Science

... and awesome.

You added a (?) to "known" and the answer is, 'sort of'. There's infinity, and then there's infinity. You've got your aleph_nought infinity of sets that can be mapped bijectively to the natural counting numbers, which includes integers and rationals and the algebraic numbers on the real line. Then you've got your aleph_1 least upper bound of the reals, which includes the uncountable set of transcendental numbers. We think of aleph_1 being infinitely larger than aleph_0, even though aleph_0 is infinitely large. Right? In fact, formally aleph_1 := 2^{aleph_0}, whatever that means. Heheh... So yeah, most of the reals are transcendentals... the larger infinitude, whatever sense that makes.

For which set of q_i's in the rationals does the equation q(pi) = q0 + q1*pi + q2*pi^2 + ... qn*pi^n = 0? The answer is there is no such set. You're right it's some heavy math (abstract algebra), but the proof calls for induction with some long division of polynomials... ie., q(pi) / (q1*pi + q0) searching for irreducible polynomials.

But to get an intuitive sense of 'transcendental', just plug pi in to a polynomial instead of the unknown "x". The result is the same -- "x" isn't a variable, it's an abstract algebraic placeholder called an "unknown" and algebraically, plugging pi in will give you the same result: irreducible polynomials.

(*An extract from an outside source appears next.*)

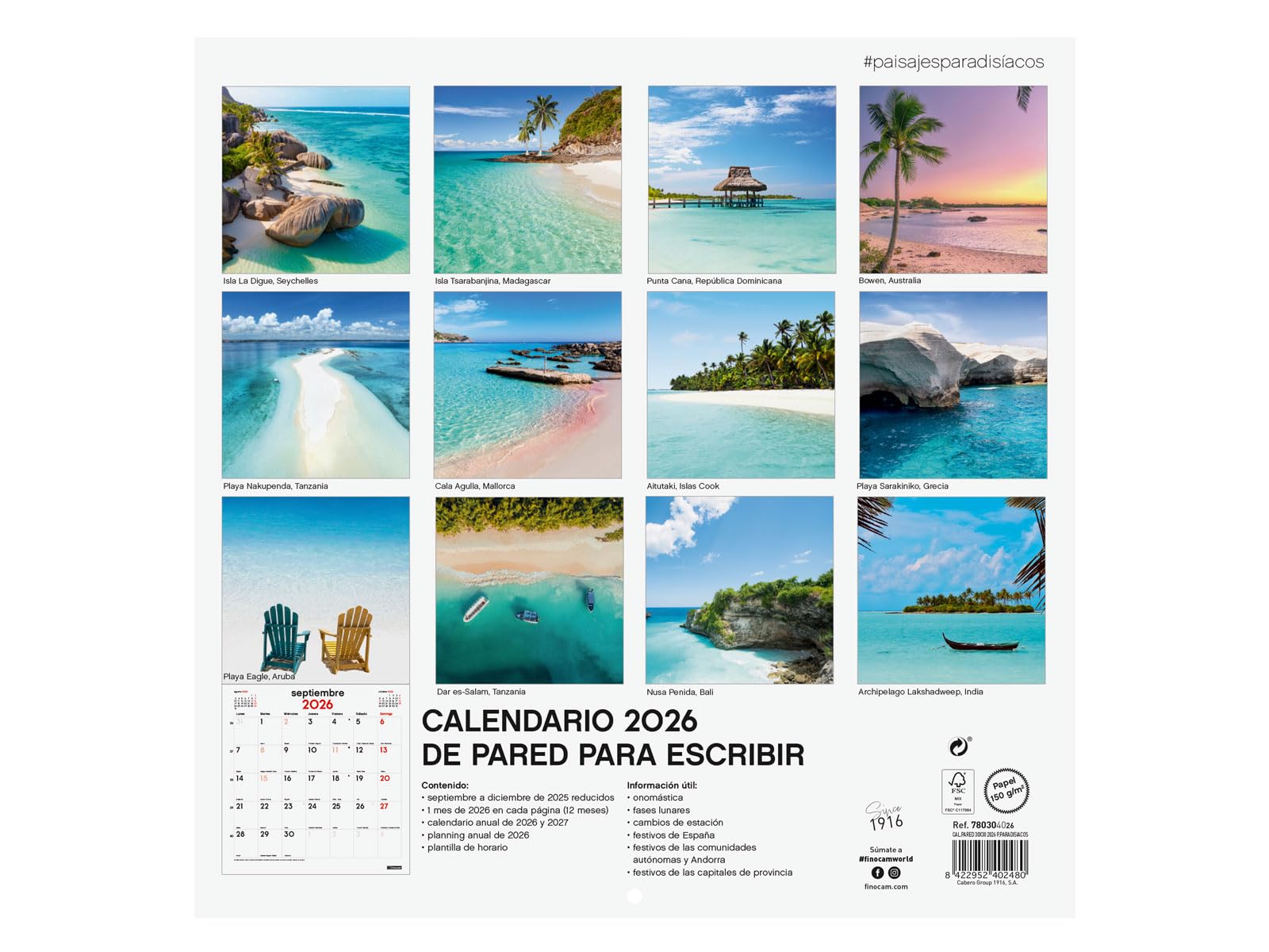 Durée : janvier 2026 - décembre 2026 (12 mois) + sept-déc., 2025 (4 mois) réduit Thèmes variés et image différente chaque mois, idéal pour décorer le bureau ou la maison. Calendrier Scolaire 2026 Gratuit Finocam - Calendrier Mural 30 X 30 Cm Pour écrire 2025 Mois Vue Janvier 2025 - Décembre 2025 (12 Mois) Paysages Paradisiaques Espagnols Calendrier 2026 à Imprimer Gratuit et des capitales de province et début des nouvelles années chinois, musulman, orthodoxe et hébreu. Intérieur : affichage du mois., Planification mensuelle. Le calendrier dispose également d'autres contenus supplémentaires : calendriers réduits de septembre à décembre de l'année précédente, calendrier annuel de l'année et de l'année suivante, planning annuel, liste des jours fériés des CC AA. Langue de l'article : espagnol. CONTENU : L'annualité du calendrier comprend les informations relatives à: onomastique, jours fériés nationaux, jours fériés, jours indiqués, phases lunaires et changements de saison. Décembre 2026 à consulter ou imprimer Les dimensions du calendrier suspendu sont : 30 x 60 cm. Paysages paradisiaques. Parfait pour la planification.
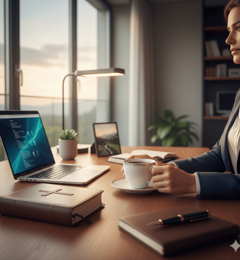 Minha metodologia é desenhada para mulheres que buscam o domínio absoluto sobre a ansiedade, o estresse e os desequilíbrios que roubam sua paz. Eu não trabalho apenas no alívio de sintomas; eu entrego um protocolo de transformação que une o rigor científico da Neurociência (Harvard) com a profundidade da Psicologia Cognitiva e o suporte inabalável da Fé.

Ex., x^2 - 4 = (x + 2)(x - 2) --> x = +-2 are roots in Q. (x + 2) and (x - 2) are irreducible polynomials in Q because x^2 - 2 = (x + sqrt(2))(x - sqrt(2)) and sqrt(2) is not in Q. So sqrt(2) is irrational. But sqrt(2) isn't transcendental (it is algebraic) for this very reason: sqrt(2) is the root of some polynomial with coefficients in Q (x^2 - 2). The same cannot be said for pi.